As he watched the arrival of Idle Jack's party, Moriarty was aware of the orchestra tuning up, and it was obvious that for tonight, the pit had been enlarged: Many new players, particularly among the brass, had augmented the usual pit band. He also caught a glimpse of two extra drummers, one settled behind a full set of timpani. There was obviously going to be a joyful noise put up tonight.

He took in a deep lungful of air and smelled the heavy redolence of tobacco, mixed with the scent of the many bottled bouquets the ladies liked to use—“their perfumes of Arabia,” as he had heard them called. The Professor had a good nose, and so he also detected the remnants of human sweat that joined with the other aromas hanging and jostling with one another.

Moriarty cast an eye over the entire house, putting names to faces, watching the audience settle and seeing the thin blue haze of tobacco smoke hanging a few feet above their heads, swirling and thickening in the rays from the spotlights operated from behind the dress circle.

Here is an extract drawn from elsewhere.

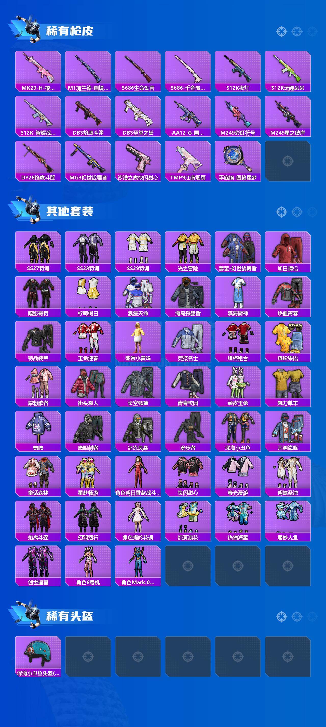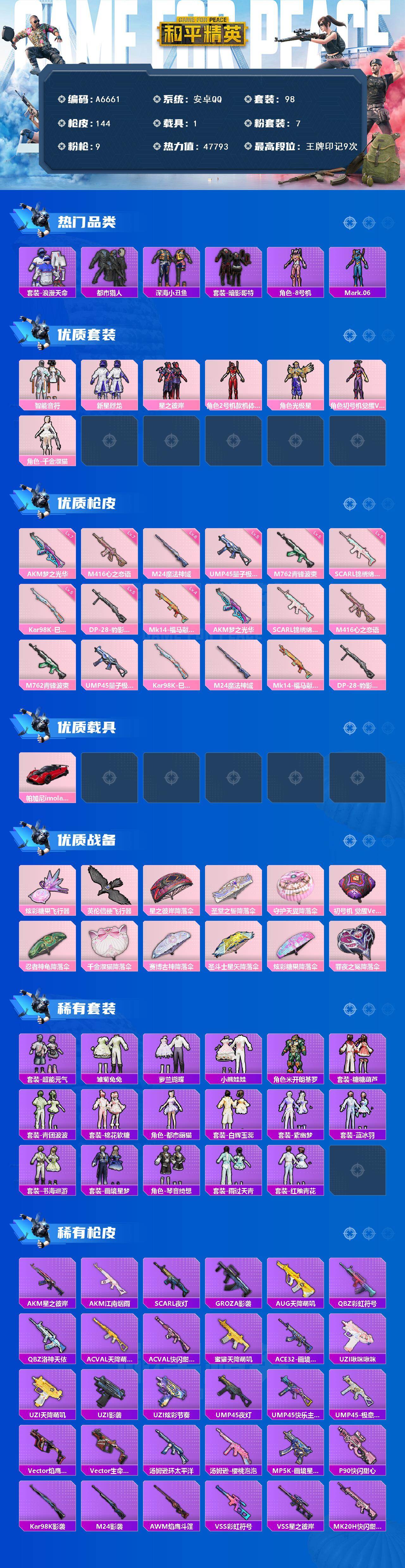【503598】【可二次】【安卓QQ】漫步者 都市猎人 新星烈龙 星之彼岸降落伞 明日香 星之彼岸 AKM-梦之光华 M416-心之恋语 童话森林 深海小丑鱼 智能音符 浪漫天命 暗影哥特

Now, as the excited buzz and ripple of the audience reached its peak, the conductor finally took his place, tapped on his music stand, and raised his baton. The house lights dimmed and slowly the chatter died out, leaving in its wake the expectant hush of an audience brought to readiness. Then, the brass bellowed out
Tan-ta-ra-ra-ta-ta-tum-ta-ra-ra
—

The curtain rose on a hundred men and women dressed in military red coats, blue trousers, and busbies, seemingly marching in time toward the footlights as they sang the simplistic jingoism of an opening song written especially for tonight's benefit, sending thoughts toward the war in South Africa, the brass blaring loud above the strings and the drums keeping up a persistent military beat—

Ta-ra-ta-ta-rat-ta-ta-rum-ti-tum-ti-ta!

“The Queen's soldiers are marching,

To keep our Empire free,

The Queen's soldiers are fighting,

Fighting for you and me.

Bar-ra-bapa-ta-bapa-ta-tum-riti-tum-titi-tum!

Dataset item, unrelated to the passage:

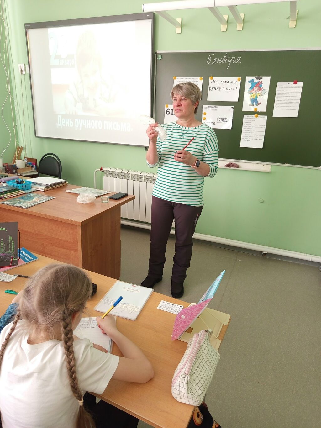 Для обучающихся 3 «Б» класса городской школы №2 состоялся познавательный час ко Дню ручного письма. К ребятам в гости пришел Незнайка с просьбой о помощи. Он хотел поздравить своего друга с Новым годом, но не знает, как это сделать ведь интернета и сотового телефона у него нет. Дети подсказали, что нужно написать письмо. В ходе беседы ребята и Незнайка узнали, как правильно писать письмо соблюдая этикет и алгоритм, какой путь проделывает письмо к получателю. Также узнали, что почерк Пушкина принято называть «скорописью», Лермонтов часто менял почерк, а почерк Льва Толстого могла разобрать только его супруга, потому что писатель использовал условные знаки. Познакомились обучающиеся с такими понятиями, как размер, наклон, форма и направление букв, сила нажима на пишущий инструмент, характер написания слов. Поговорили о пользе ручного письма. В практической части ребята писали индекс нашего города специальным шрифтом и письмо первой учительнице.

“The Queen's soldiers are marching,

Fighting,

Marching for glory,

And fighting and riding and shooting

And clashing,

And fighting the Empire's foes.”

Pa-pa-pa-pa-pa-pa-pa-ra-taaaaaaaar!

“I feared for the roof,” Moriarty said later, and the audience loved it as the singers and dancers seemed to form fours and march in time to the banal song. They clapped and cheered, Idle Jack's party yelling with the rest, Jack leaning over toward Boax, exchanging a joke, heads back, mouths open in laughter.

Let him have his fun
, the Professor thought.
He has little time left
.

The chorus ended, the stage cleared, and the tempo changed for Eugene Stratton, The Dandy-Coloured Coon,
*
black-faced with white lips and eyes and a magnificent style in his soft-shoe shuffle as he quietly danced on—

“She's my lady love,

She is my dove, my baby love,

She's no girl for sitting down to dream,

She's the only queen Laguna knows,

I know she likes me, I know she likes me,

Because she says so,

She is my lily of Laguna,

She is my lily and my rose.”

And on with his expert dancing—certainly better than his singing—the drummers giving the soft-shoe a counterpoint on the skulls.

There followed a plethora of popular acts: Kaufman's Trick Cyclists, billed as “Twelve Cycling Beauties,” circling the stage performing impossible bicycle tricks, very eye-catching in their pink two-piece costumes, form-fitting to show off their figures and excite the gentlemen, the lower half hugging the thighs but ending just above the knees; the amazing juggling Cinquevalli, “The Human Billiard Table”; and to close the first half, the much-loved Fred Karno and His Speechless Comedians with their manic slapstick sketches.
*

The Professor had arranged to have a glass of brandy brought to his box in the interval and he sipped it with relish, watching half hidden by the decorating drapes as Idle Jack moved about in the audience, greeting acquaintances, always with the roguish Boax a foot or so behind him like a leech. As he became animated, it seemed to Moriarty that Idle Jack lost his slack-jawed Farmer Giles look, becoming almost suave as he moved around, introducing the Honourable Nellie Fletcher to friends. Moriarty had heard that much of Jack Idell's outward appearance, the walk and drooping jaw, was put on to throw people off his actual astuteness. He wondered now if this could be true.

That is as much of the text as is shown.